Thursday, October 23, 2008

Is Laissez Faire Responsible for the Financial Crisis? (George Reisman)

Professor George Reisman destroys the myth that laissez faire capitalism is responsible for the mess we're in and places the blame squarely where it belongs, on the state:

The news media are in the process of creating a great new historical myth. This is the myth that our present financial crisis is the result of economic freedom and laissez-faire capitalism.

The attempt to place the blame on laissez faire is readily confirmed by a Google search under the terms "crisis + laissez faire." On the first page of the results that come up, or in the web entries to which those results refer, statements of the following kind appear:


  • "The mortgage crisis is laissez-faire gone wrong."

  • "Sarkozy [Nicolas Sarkozy, the President of France] said 'laissez-faire' economics, 'self-regulation' and the view that 'the all-powerful market' always knows best are finished."

  • "'America's laissez-faire ideology, as practiced during the subprime crisis, was as simplistic as it was dangerous,' chipped in Peer Steinbrück, the German finance minister."

  • "Paulson brings laissez-faire approach on financial crisis…."

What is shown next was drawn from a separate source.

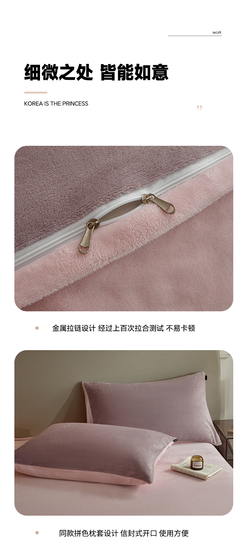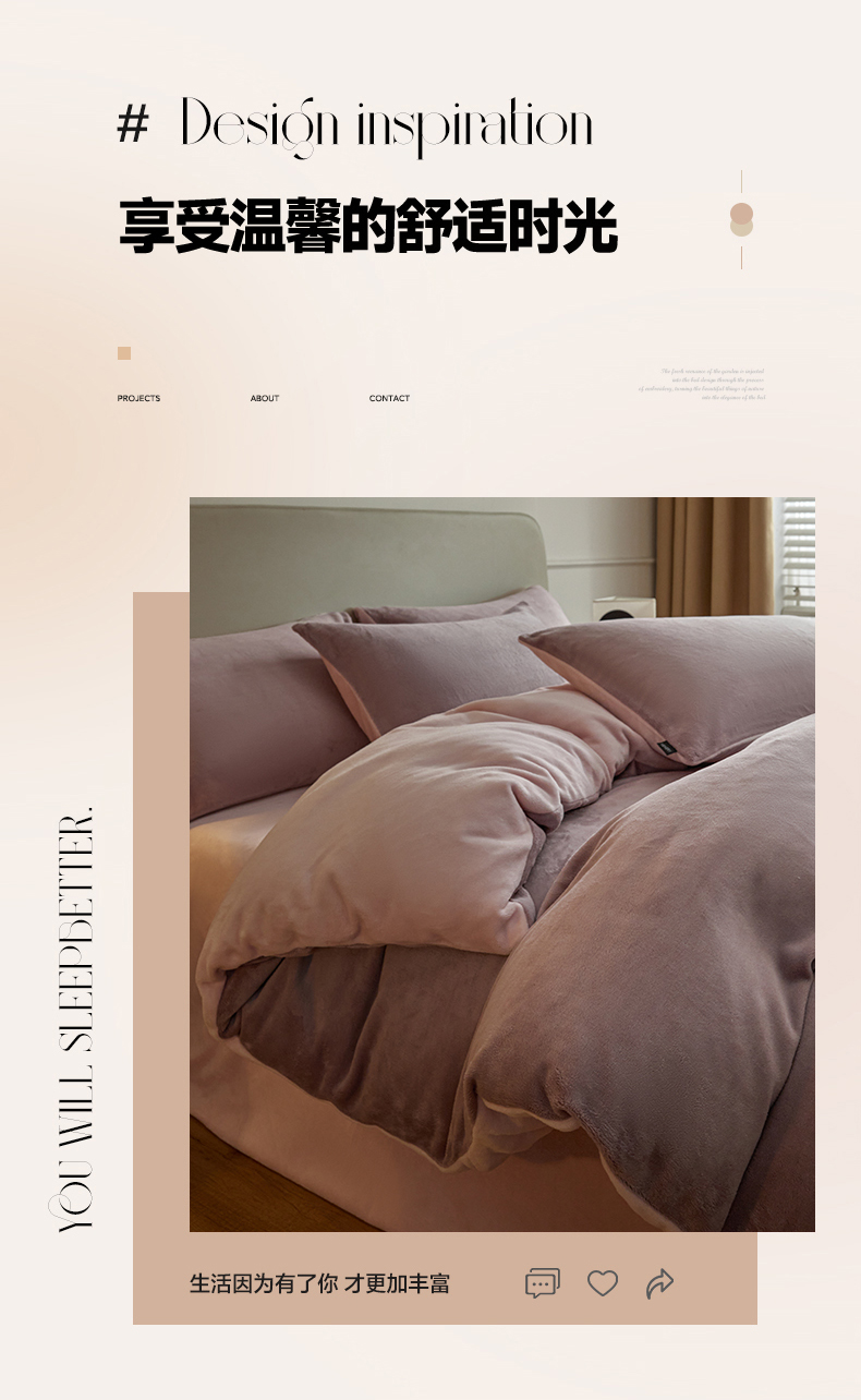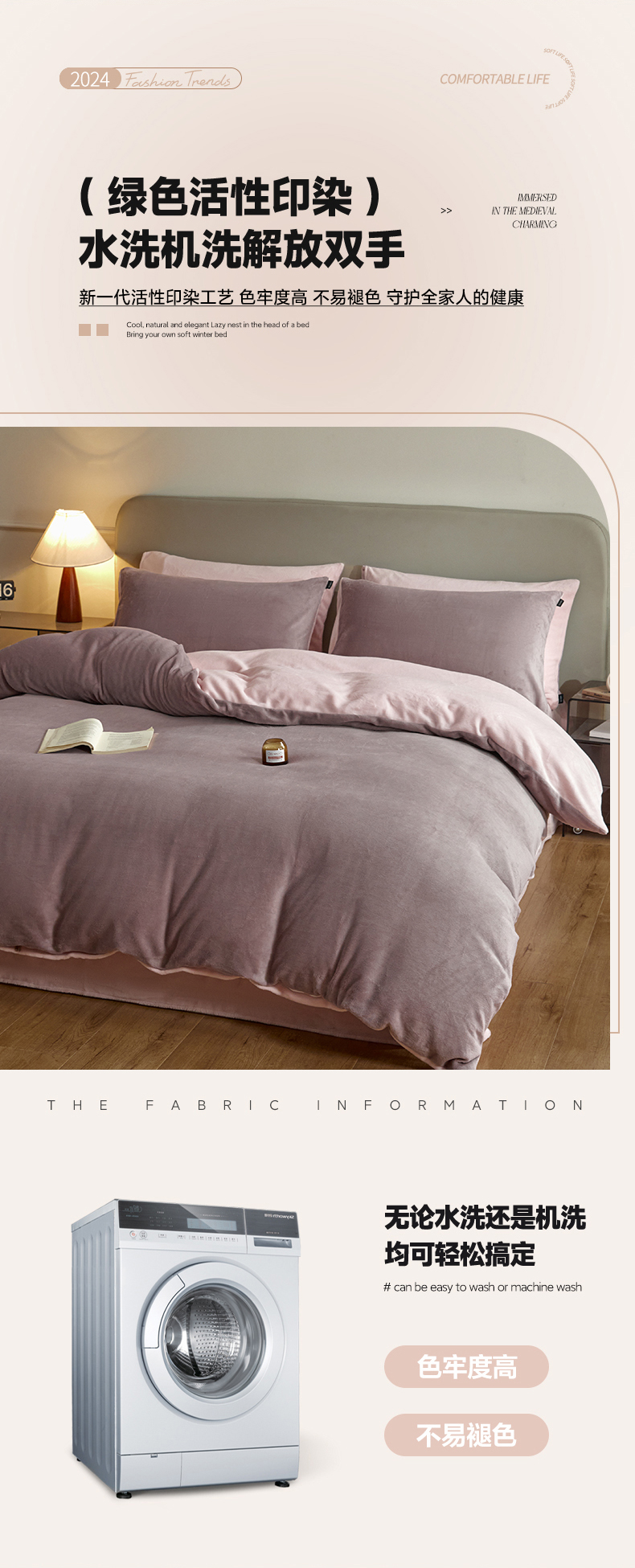 商品名称:凡客家居 2024新款A类加厚230克纯色双拼牛奶绒四件套 香芋紫+浅粉

  • "It's au revoir to the days of laissez faire."


Recent articles in The New York Times provide further confirmation. Thus, one article declares, "The United States has a culture that celebrates laissez-faire capitalism as the economic ideal…." Another article tells us, "For 30 years, the nation's political system has been tilted in favor of business deregulation and against new rules." In a third article, a pair of reporters assert, "Since 1997, Mr. Brown [the British Prime Minister] has been a powerful voice behind the Labor Party's embrace of an American-style economic philosophy that was light on regulation. The laissez-faire approach encouraged the country's banks to expand internationally and chase returns in areas far afield of their core mission of attracting deposits." Thus even Great Britain is described as having a "laissez-faire approach."

The mentality displayed in these statements is so completely and utterly at odds with the actual meaning of laissez faire that it would be capable of describing the economic policy of the old Soviet Union as one of laissez faire in its last decades.